A practical Python crawler library RoboBrowser
- 2021-09-24 23:13:49
- OfStack
2. Installation and usage
3. Actual combat 1
3-1 Open Target Website 3-2 Automated Form Submission 3-3 Data Crawling 4. Finally
1. Preface
Hello, everyone, I'm Ango!
Today, I recommend a niche lightweight crawler library: RoboBrowser
RoboBrowser, Your friendly neighborhood web scraper! Written by pure Python, running without an independent browser, it can not only do crawler, but also realize the automation of Web
Project address:
https://github.com/jmcarp/robobrowser
2. Installation and usage
Before the actual combat, we first install the dependency library and parser
PS: The officially recommended parser is "lxml"
# Install dependencies
pip3 install robobrowser
# lxml Parser (officially recommended)
pip3 install lxml
Two common features of RoboBrowser are:
Simulated form Form submission Web page data crawlingUsing RoboBrowser to crawl web page data, three common methods are as follows:
findQuery the first element of the current page that meets the criteria
find_allQuery 1 list element with common attributes on the current page
selectQuery the page through CSS selector and return 1 element list
It should be noted that RoboBrowser relies on BS4, so it is used in a similar way to BS4
For more functions, please refer to:
https://www.crummy.com/software/BeautifulSoup/bs4/doc.zh/
3. Actual combat 1
Let's take "Baidu Search and Crawling Search Results List" as an example
3-1 Open Target Website
First, we instantiate an RoboBrowser object
from time import sleep
from robobrowser import RoboBrowser
home_url = 'https://baidu.com'
# parser: Parser, HTML parser; used by BeautifulSoup
# Official recommendation: lxml
rb = RoboBrowser(history=True, parser='lxml')

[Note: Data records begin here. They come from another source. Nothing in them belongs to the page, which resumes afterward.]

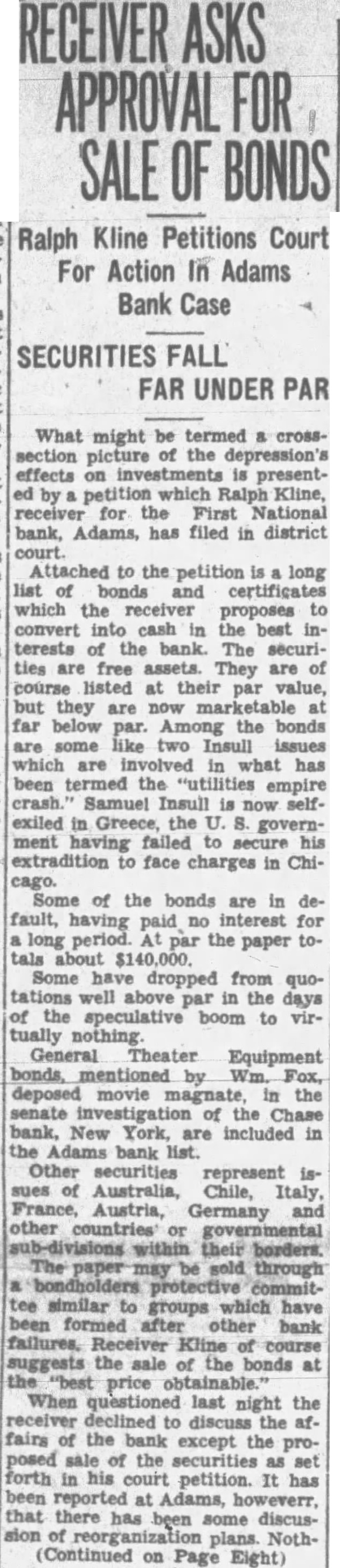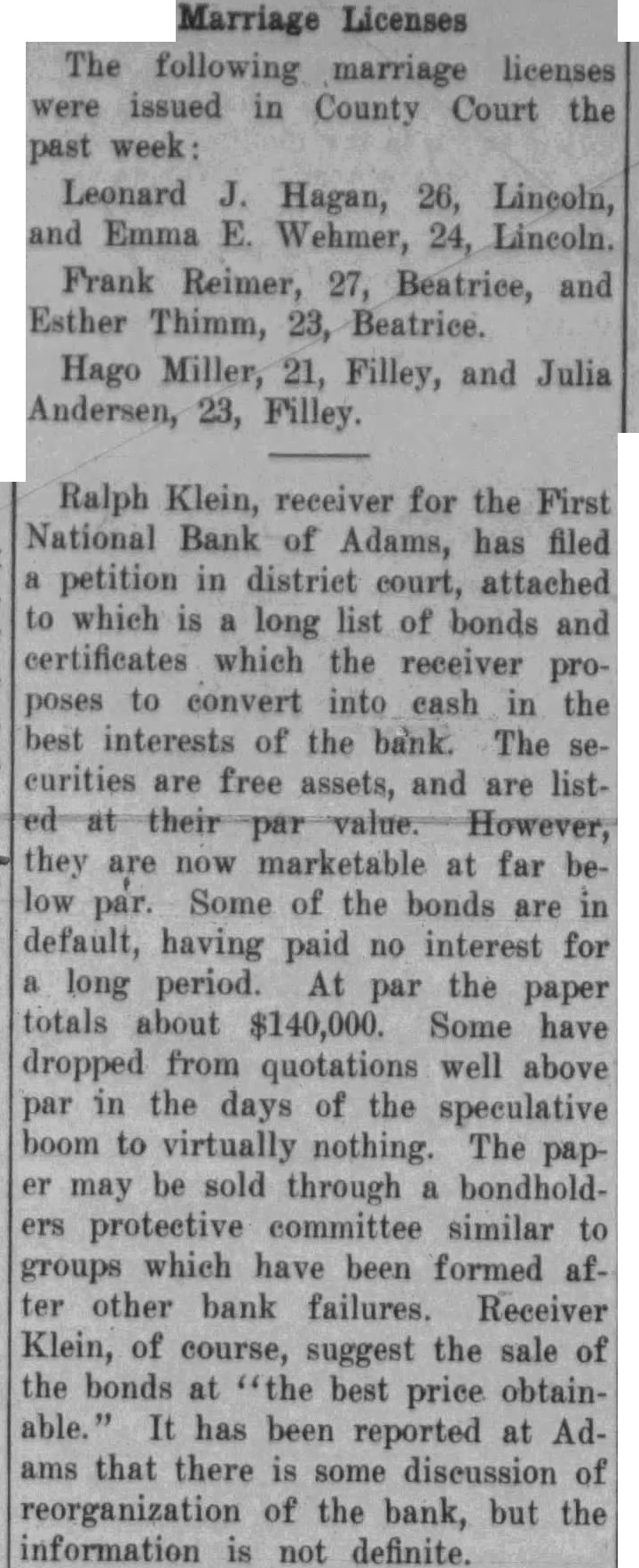 The farm known as the Burgess place, which of mile north and miles west of Filley, offered sheriff's sale at the Court House, Tuesday, to satisfy mortgage. The eighty acre farm brought $8,283, which was amount of the mortgage. averaglittle more than $100 an acre. The property was owned by the State Bank of Douglas, now defunct, and the mortgage held by Ada DunMrs. Dunlap was the winning bidder the sale.
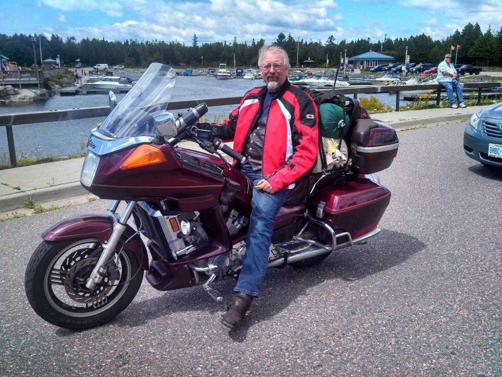 Well I too got home safe and sound eventually. No thanks to Carl who just kept leading me on by dangling ice cream under my nose. When we finally got close enough to his home where he felt he could go the rest of the way without a Nanny Bum, to hold his hand, he chucked me aside like a used rag after an oil spill. I did get the ice cream as a reward for baby sitting him however. Once we parted I took quit the scenic route home going through Dundas who,s main street was shut down for carnival ripe with lots of ice cream. (Did you you get that Marcarl lots and lots of ice cream) I did eventually make it home were Dino I mean Rio was so excited he practically Knocked me off my feet. Once that was out of the way I got a big loving hug from wife and a little consolation hug from her for Carl, Cause she knew if he was there he would expect a hug also. For me even though I thoroughly enjoyed myself as always., There was an element of bitter sweetness in that (A) Bob was not physically present and (B) knowing that this was the last VR rally at this location. I will really miss this and hope the future Rally arrangement will be as successful. Last and most importantly I would like to give thanks to Tom, Tom and Amy, Robin and Bob, Spanky, and Mr. Ken, for all their hard work and commitment to make this Rally another success story. I would also like to thank Michelle and Terry from Pioneer motor sports for all they have done for us not just this time around but over the years as well. An additional thanks to Michelle for the accommodation's she made available to us. Ride safe one and all and if we don't see each other again somewhere this year I hope to see you next year.
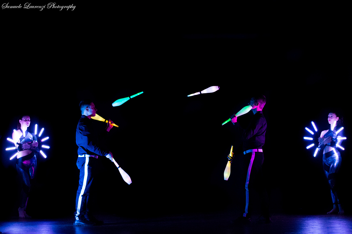 Spettacolo con luci led e giocoleria luminosa per eventi aziendali
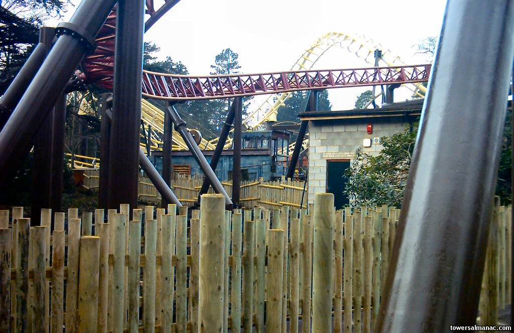 From here you can see Corkscrew's entrance and exit paths, which pass the Corkscrew on-ride photo booth.
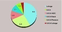 The African cement capacity at the end of 2014 stood at 262 Mta, of which 129.5 Mta (49.4 %) are located in North Africa and 132.5 Mta (51.6 %) in Sub-Saharan Africa. With 31.4 Mta Lafarge-Holcim has a share of 24.2 % of the North African cement capacity and with 21.6 Mta 16.3 % of the Sub-Saharan cement capacity. Only in Morocco there is an overlapping of Lafarge and Holcim’s cement capacities with 6.8 and 5.2 Mta respectively. In Nigeria, where Lafarge and Holcim both had shares of 28 % in the 2.5 Mta Unicem cement plant, Lafarge purchased the 30 % shares of Flour Mills and now has control of the company.
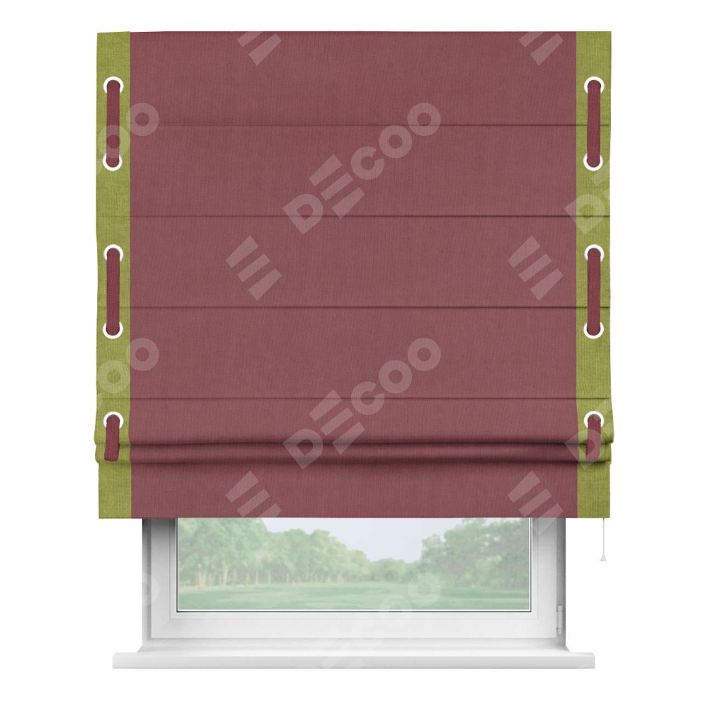 Римская штора «Кортин» для проема, канвас ягодный, с кантом Стрим Дуо (люверсы с пояском)

# Open the target Web site
rb.open(home_url)
Then, use the open () method in the RoboBrowser instance object to open the target Web site
3-2 Automated Form Submission
First, use the RoboBrowser instance object to get the form Form in the Web page
Then, simulate the input operation by assigning values to the input boxes in the form
Finally, the form is submitted using the submit_form () method to simulate a search operation
# Get a form object
bd_form = rb.get_form()
print(bd_form)
bd_form['wd'].value = "AirPython"
# Submit a form, simulate 1 Second search
rb.submit_form(bd_form)
3-3 data crawling
The structure of search page is analyzed, and all search list elements are matched by select () method in RoboBrowser
The search list elements are traversed and the
() method is used to find the title of each item and the href link address
# View the results
result_elements = rb.select(".result")
# Search results
search_result = []
# No. 1 1 Link address of item
first_href = ''
for index, element in enumerate(result_elements):
title = element.find("a").text
href = element.find("a")['href']
search_result.append(title)
if index == 0:
first_href = element.find("a")
print(' No. 1 1 The item address is :', href)
print(search_result)
Finally, use the follow_link () method in RoboBrowser to simulate the operation of "Click the link to view the details of the web page" under 1
# Jump to the 1 Links
rb.follow_link(first_href)
# Get history
print(rb.url)
Note that the parameters of the follow_link () method are a tags with href values
4. Finally
Combined with Baidu search example, this paper uses RoboBrowser to complete one automation and crawler operation
Compared with Selenium, Helium, etc., RoboBrowser is lightweight and does not rely on independent browsers and drivers
If you want to deal with some simple crawler or Web automation, RoboBrowser is completely enough; However, for some complex automation scenarios, it is recommended to use Selenium, Pyppeteer, Helium, etc.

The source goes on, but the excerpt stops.